Search code examples
dockerlocaleubuntu-14.04python-3.4docker-registry

Python3 utf8 codecs not decoding as expected in Docker ubuntu:trusty


The following thing really bugs me, the version of python on my laptop and the version of python inside Docker's ubuntu:trusty image are printing different results with their codecs, what is the reason for that? For example, python3 on my laptop(ubuntu, trusty):

Python 3.4.3 (default, Apr 14 2015, 14:16:55) 
[GCC 4.8.2] on linux
Type "help", "copyright", "credits" or "license" for more information.
>>> import codecs
>>> codecs.decode(b'\xe2\x80\x99','utf8')
'’'
>>> 

python3 on Docker ubuntu:latest:

Python 3.4.0 (default, Apr 11 2014, 13:05:11) 
[GCC 4.8.2] on linux
Type "help", "copyright", "credits" or "license" for more information.
>>> import codecs
>>> codecs.decode(b'\xe2\x80\x99','utf8')
'\u2019'
>>> 

Can i make the python3 codecs on Docker's ubuntu:trusty decode b'\xe2\x80\x99' as '’'?


Solution

  • This sounds like a locale configuration issue. Python could be behaving differently in the two locations because the terminal sessions it's running in are configured differently.

    Check your locale settings on your Ubuntu Docker machine to see that you're in a UTF-8 locale in your terminal session. In particular, see if you've been switched over to C for your CTYPE. (I've seen that on servers before, though don't know why it happens.) That could make a difference as to whether the Python console considers it a printable character and thus whether to display it as itself or an escape sequence.
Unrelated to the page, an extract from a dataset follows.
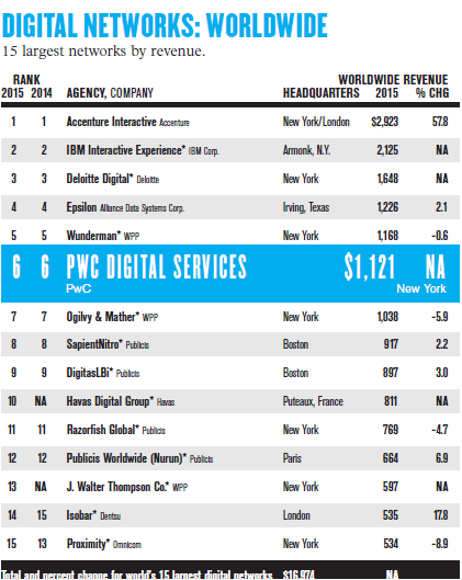 在很多人看來,戰略咨詢才是屬于咨詢公司的業務范疇。而事實上,咨詢公司與廣告公司的界限正在日益模糊。根據廣告媒體 Adage 發布的榜單顯示,埃森哲互動、IBM 互動體驗部、德勤數字和普華永道數字已經躋身世界 10 大數字營銷集團之列。而在 2011 年,上榜的咨詢公司還僅僅只有IBM。

This would affect other terminal programs, too.

    I was able to reproduce this behavior in Python 3.4.0 on OS X by fiddling with the locale settings.

    [@ in ~]
    $ locale
    LANG="en_US.UTF-8"
    LC_COLLATE="en_US.UTF-8"
    LC_CTYPE="en_US.UTF-8"
    LC_MESSAGES="en_US.UTF-8"
    LC_MONETARY="en_US.UTF-8"
    LC_NUMERIC="en_US.UTF-8"
    LC_TIME="en_US.UTF-8"
    LC_ALL=
    [@ in ~]
    $ python3.4
    Python 3.4.0 (v3.4.0:04f714765c13, Mar 15 2014, 23:02:41)
    [GCC 4.2.1 (Apple Inc. build 5666) (dot 3)] on darwin
    Type "help", "copyright", "credits" or "license" for more information.
    >>> import codecs
    >>> codecs.decode(b'\xe2\x80\x99','utf8')
    '’'
    >>> quit()
    [@ in ~]
    $ LC_CTYPE=C python3.4
    Python 3.4.0 (v3.4.0:04f714765c13, Mar 15 2014, 23:02:41)
    [GCC 4.2.1 (Apple Inc. build 5666) (dot 3)] on darwin
    Type "help", "copyright", "credits" or "license" for more information.
    >>> import codecs
    >>> codecs.decode(b'\xe2\x80\x99','utf8')
    '\u2019'
    >>> quit()
    

    If it's your locale settings doing it, you need to either set up your rc files on the Docker Ubuntu instance to configure your locale to be the appropriate UTF-8 locale for you, or get your locale settings to propagate through SSH or whatever connection method you're using, in order to configure your remote terminal session there. Propagating your locale through connections may make more sense because it could fix it for other servers or accounts you connect to as well.